One of the soldiers is Sgt. Will Montgomery (Ben Foster), a highly decorated, seriously wounded, and psychologically scarred Iraq war vet winding down his remaining months of enlistment. His partner is Cpt. Tony Stone (Woody Harrelson), a thrice-divorced recovering alcoholic ramrod who represses his own demons behind a façade of carefully proscribed Army protocols: Never touch the family members; use only clear words like “died” and “killed” in order to avoid the vagaries of euphemisms such as “gone” or “fallen”; etc.
Early scenes in which Montgomery and Stone carry out their sad duty during a series of home visits – and, in one case, inadvertently encounter the parents of a fallen solider in a grocery store – are the film’s heart-wrenching emotional core. Moverman’s deft presentation keeps these honest and moving moments from becoming manipulative or polemical.

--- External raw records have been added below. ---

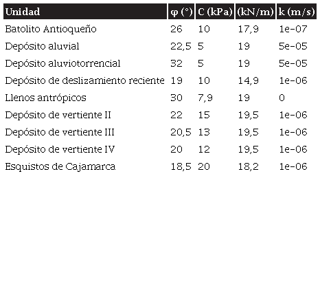 Para la parametrización de las propiedades geomecánicas de los suelos que conforman el área urbana del municipio de Barbosa se utilizó la zonificación geotécnica elaborada en los estudios de microzonificación sísmica para el Valle de Aburrá, donde se realizaron perforaciones y ensayos de laboratorio con correlaciones de ensayos de penetración estándar [7], [18]. Esta zonificación se detalló a partir de información geotécnica suministrada por el municipio de estudios locales de suelos para propósitos constructivos. Para la pendiente se utilizó el modelo digital de elevación con resolución espacial de 2 m elaborado por el Instituto Geográfico Agustín Codazzi (IGAC) en el proyecto CartoAntioquia.
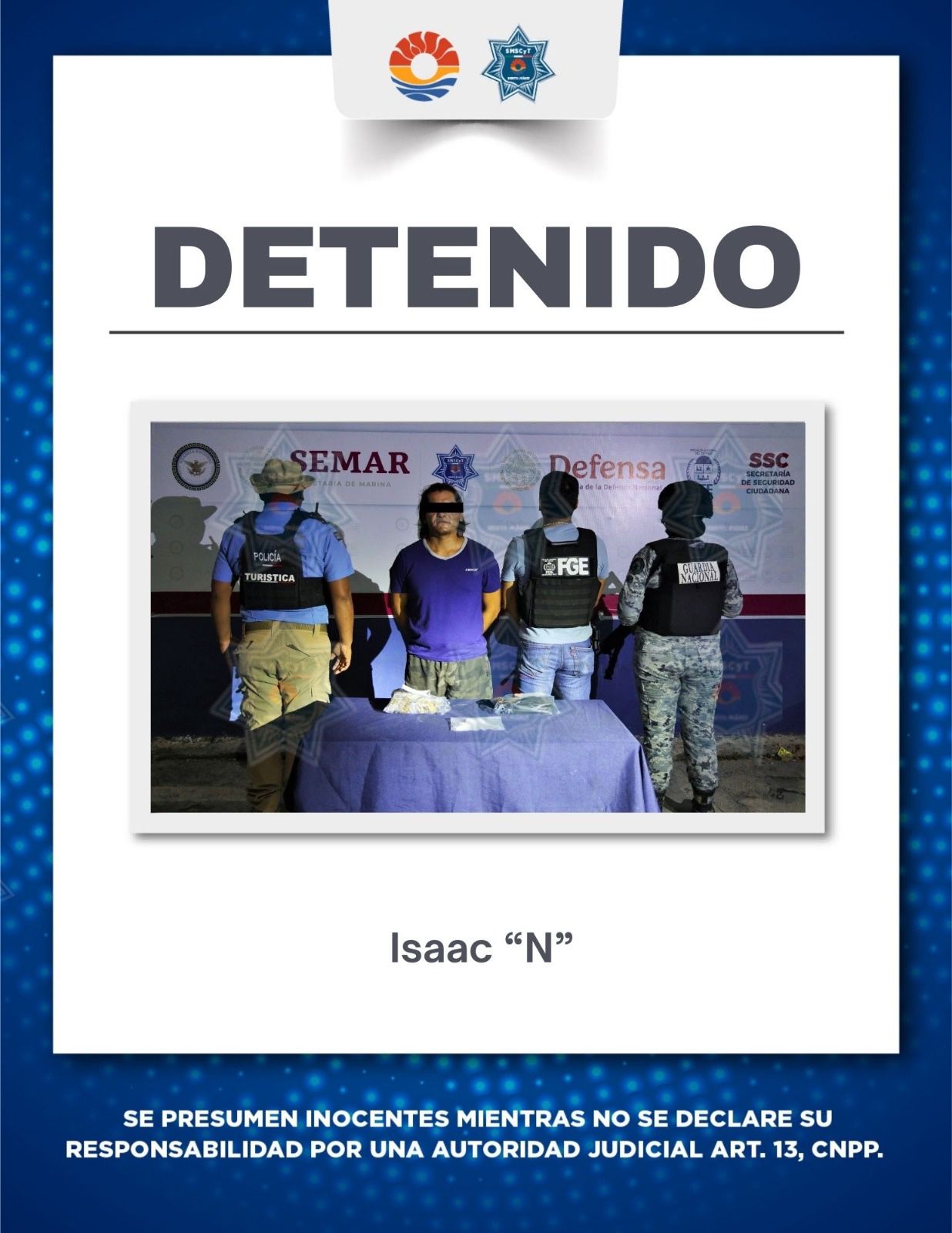 Por lo anterior, Isaac “N”, de 27 años de edad, fue detenido y puesto a disposición de la autoridad correspondiente para los fines legales conducentes.
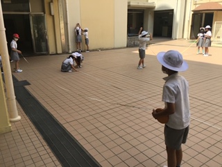 教室のたてよこ、10mはどれくらいだろうか、柱やジャングルジムをはかってみよう、など、いろんなものを楽しくはかりました。
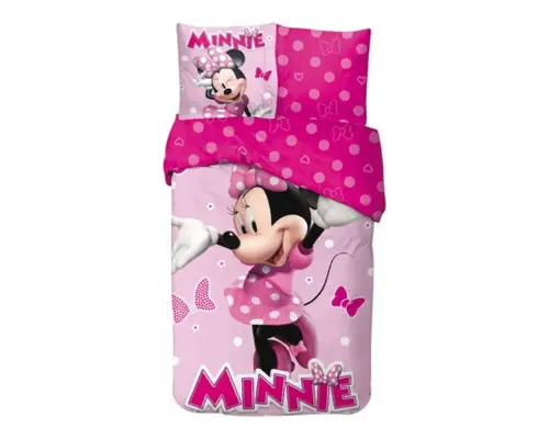 Disney Minnie Pink Polka Bow laste voodipesukomplekt, 140x200, 65x65cm
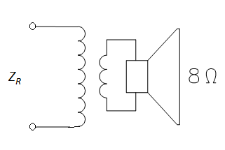 Aplicando em uma linha de 141,4V com conjunto alto-falante/transformador de 10W, resulta em uma impedância ZR = 2000Ω. Em outras palavras, a impedância do alto-falante, originalmente de 8Ω, foi "refletida" para 2000Ω, através do transformador de linha.
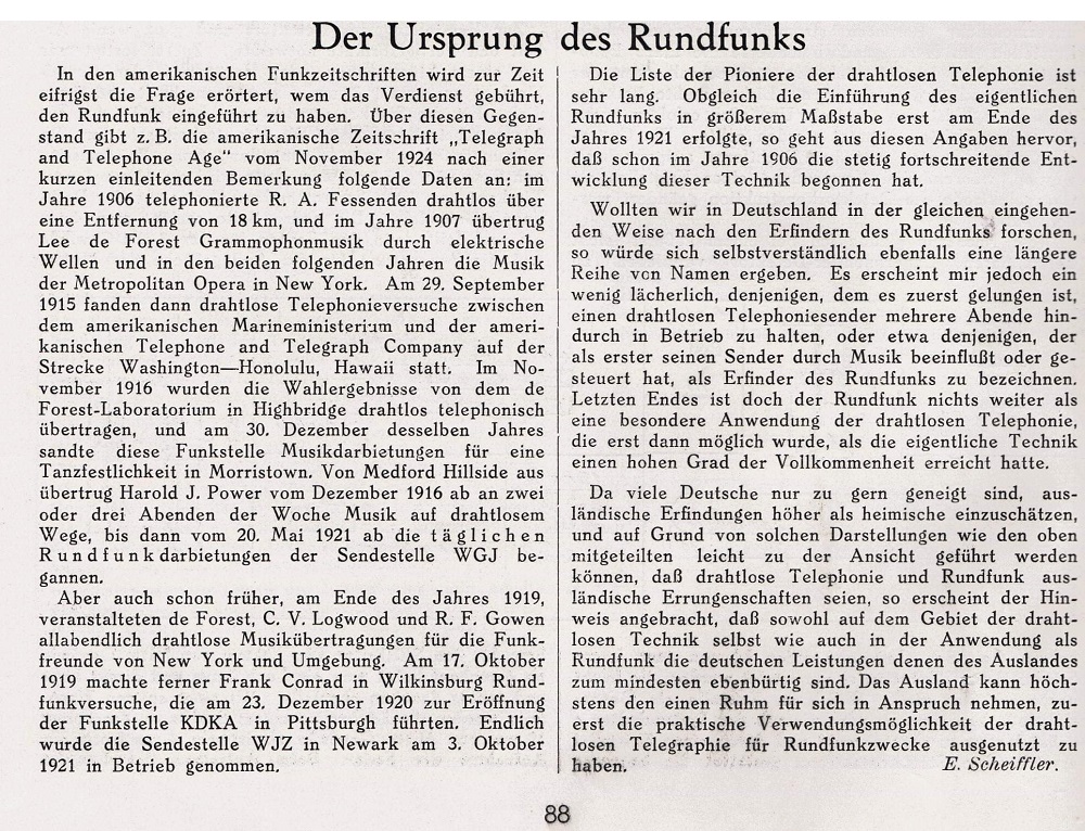 Einfacher wird es bei der Beurteilung des Rundfunks: Ab wann gab es Geräte zu kaufen ohne auf Bastelkram angewiesen zu sein, ab wann strahlten Rundfunksender mit nennenswerten Leistungen? Hier kann man ziemlich genau das Jahre 1921 benennen, z.B. in Frankreich oder in den USA. In Deutschland bekannterweise erst zwei Jahre später. Den technischen Vorsprung der Amerikaner kann man in der Telefunken Festschrift "25 Jahre AEG-Telefunken" an vielen Stellen herauslesen. Die Gründe liegen auf der Hand: Verlorener erster Weltkrieg, besetztes Rheinland, Hyperinflation usw.
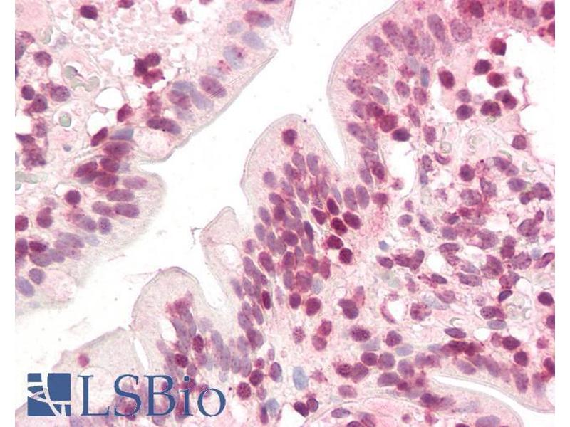 Immunohistochemistry: Paraffin embedded Human Small Intestine, Skin and Prostate. Recommended concentration: 3.75 μg/mL.
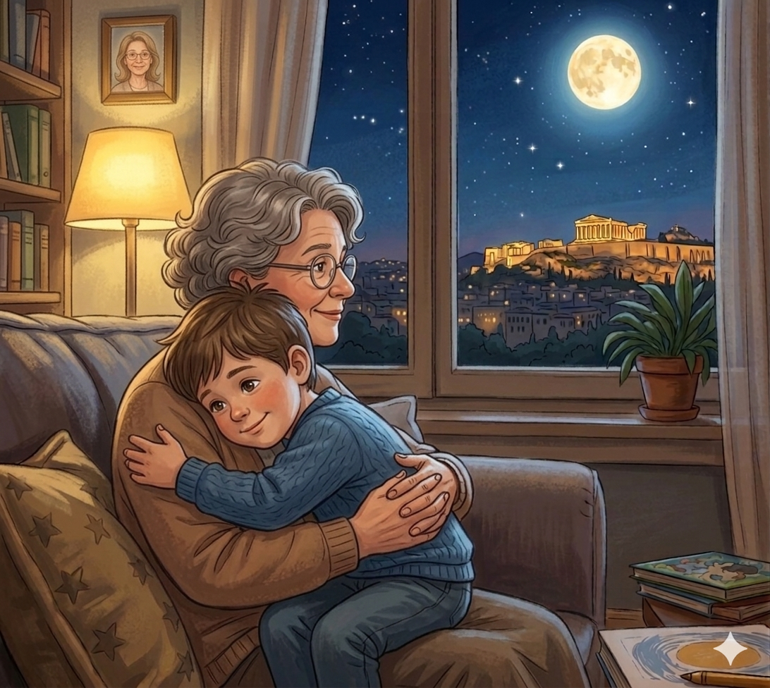 Jedne večeri, mali Dušan gleda mesec i poželi da vidi svoju baku. Ubrzo otkriva da ih isti mesec spaja, ma koliko daleko bili.
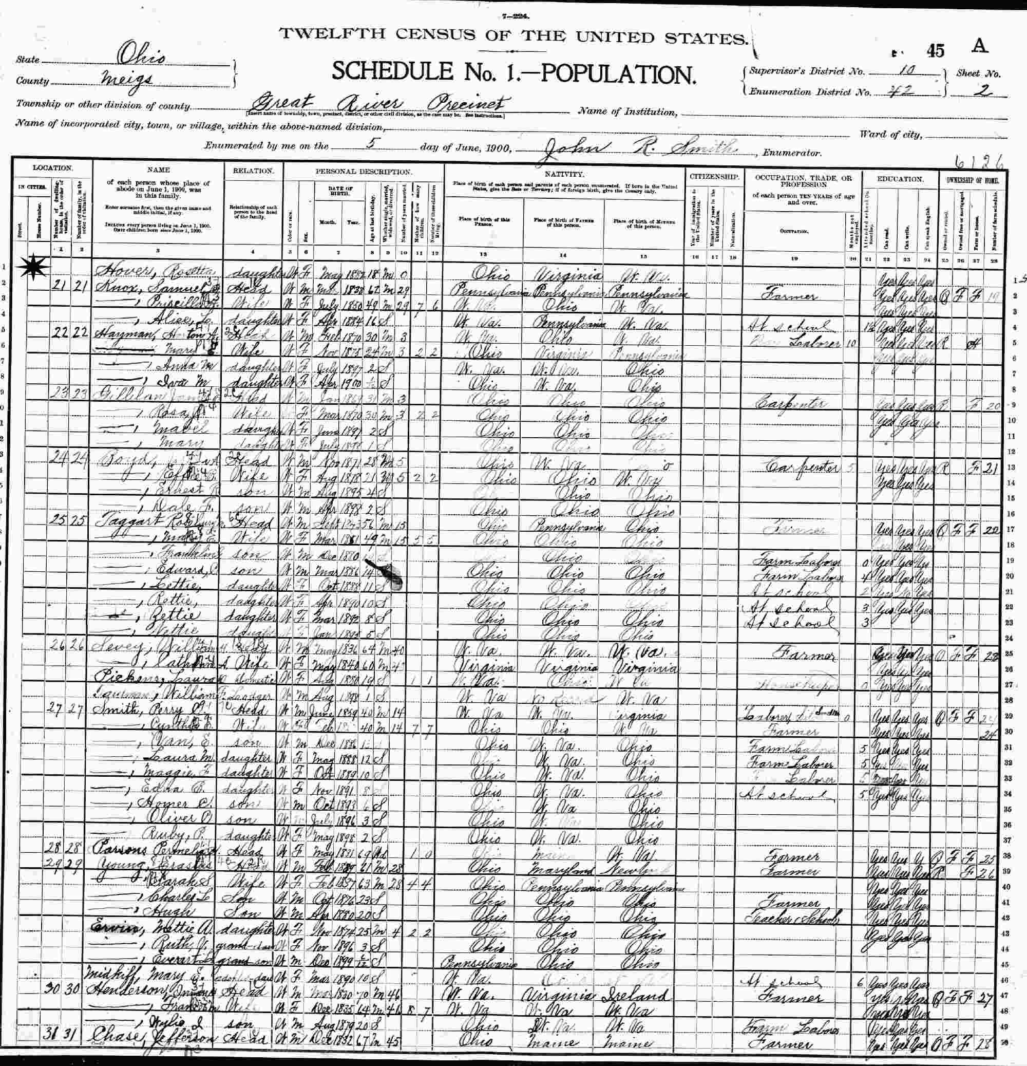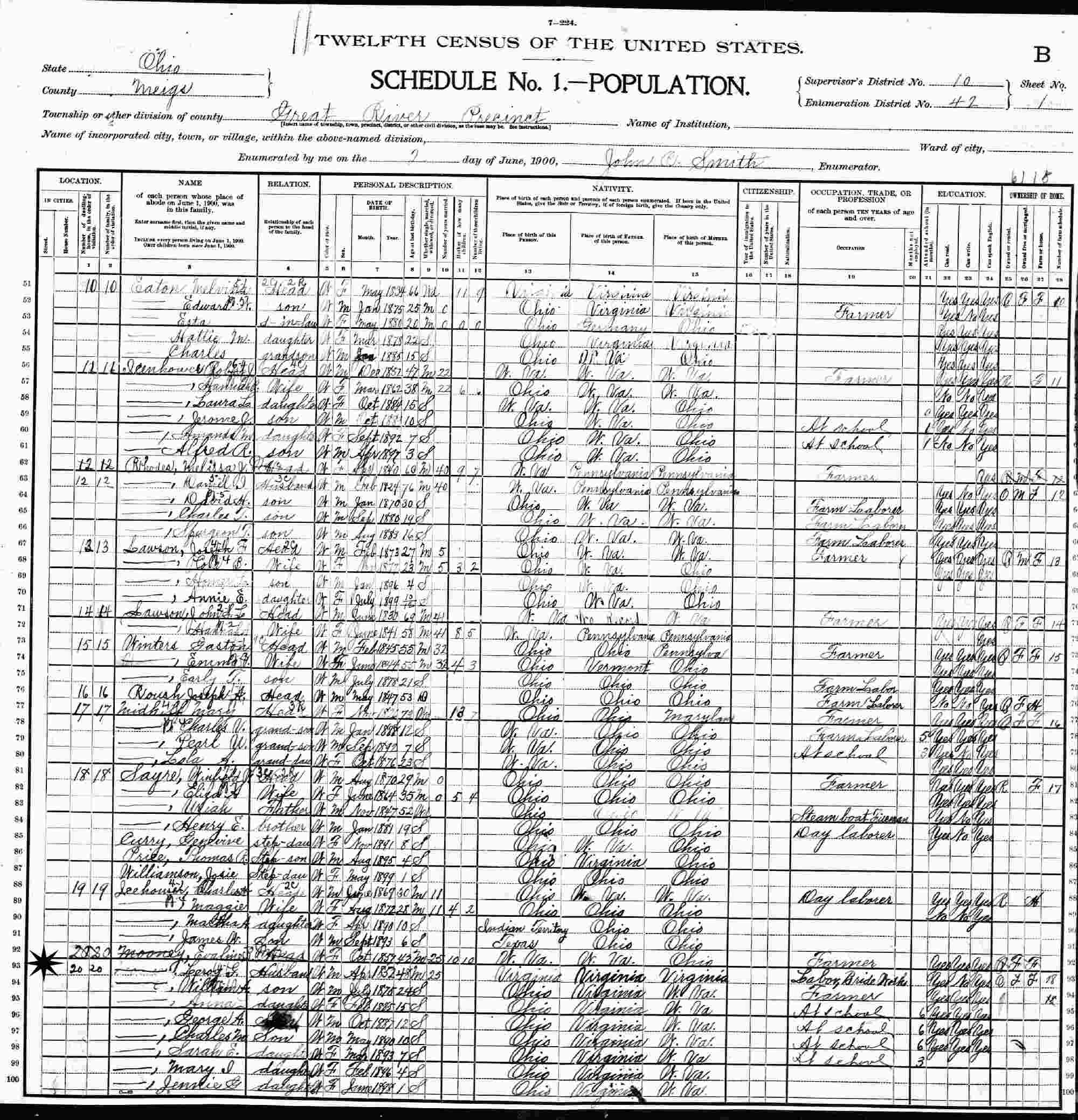 June 2, 1900 - Supervisor's District 10, Enumeration District 42, Great River Precinct, Lebanon Township, Meigs County, Ohio.
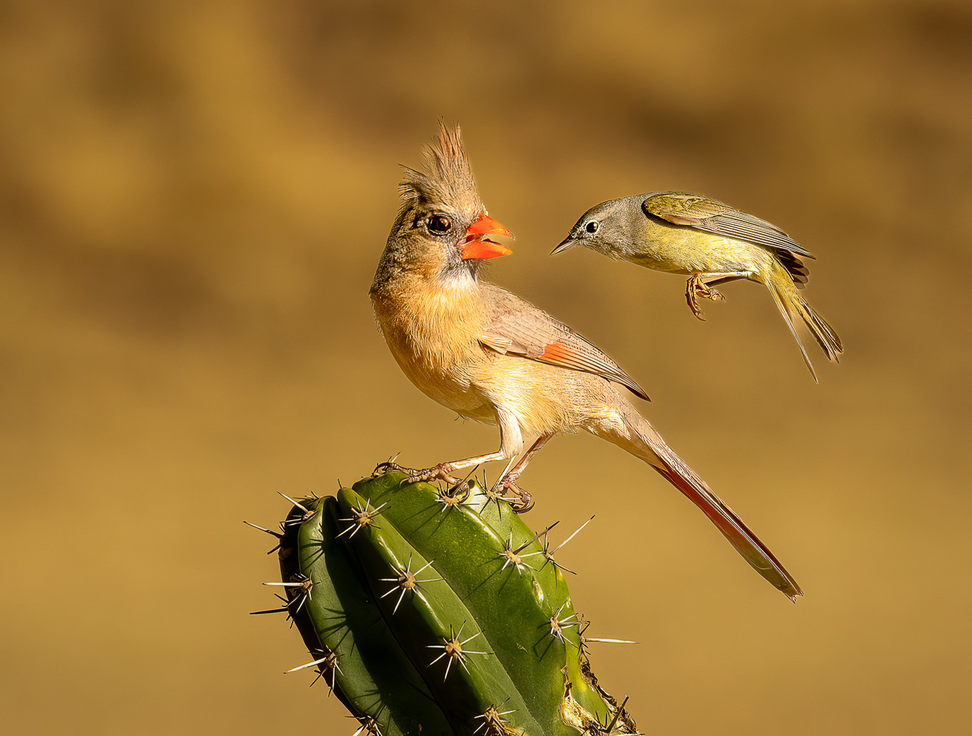 A little Orange Crowned Warbler fearlessly darted at a female Cardinal and won the perch.

During one notification, Montgomery becomes drawn to Olivia (Samantha Morton), a war widow, and their relationship skirts procedural and ethical boundaries. Moverman lingers over this subplot to the point that it becomes a tedious guessing game of “will they are won’t they” (and “should or shouldn’t they”). Ultimately, however, Montgomery and Olivia (and Stone, for that matter) are all lost souls whose pain shares a common origin, each searching for the solace of a kindred spirit.
Besides its affecting subject-matter, the strength of The Messenger is its ensemble cast. Not since The People vs. Larry Flynt has Harrelson been this good, running the emotional gambit to play the tortured, complex Stone. Morton continues to solidify her standing as one of our best, most underrated actresses. But, this film truly belongs to Foster, who previously turned heads with roles in Alpha Dog and 3:10 to Yuma. Here, the young method actor effortlessly disappears into his role, producing the sort of stellar, transcendent performance that defines and catapults careers.
The Messenger makes an interesting companion to The Hurt Locker, the two being the most mature films yet set against the backdrop of the Iraq war. While Hurt Locker is largely defined by its milieu, the message of The Messenger applies just as intensely to any military conflict during any era.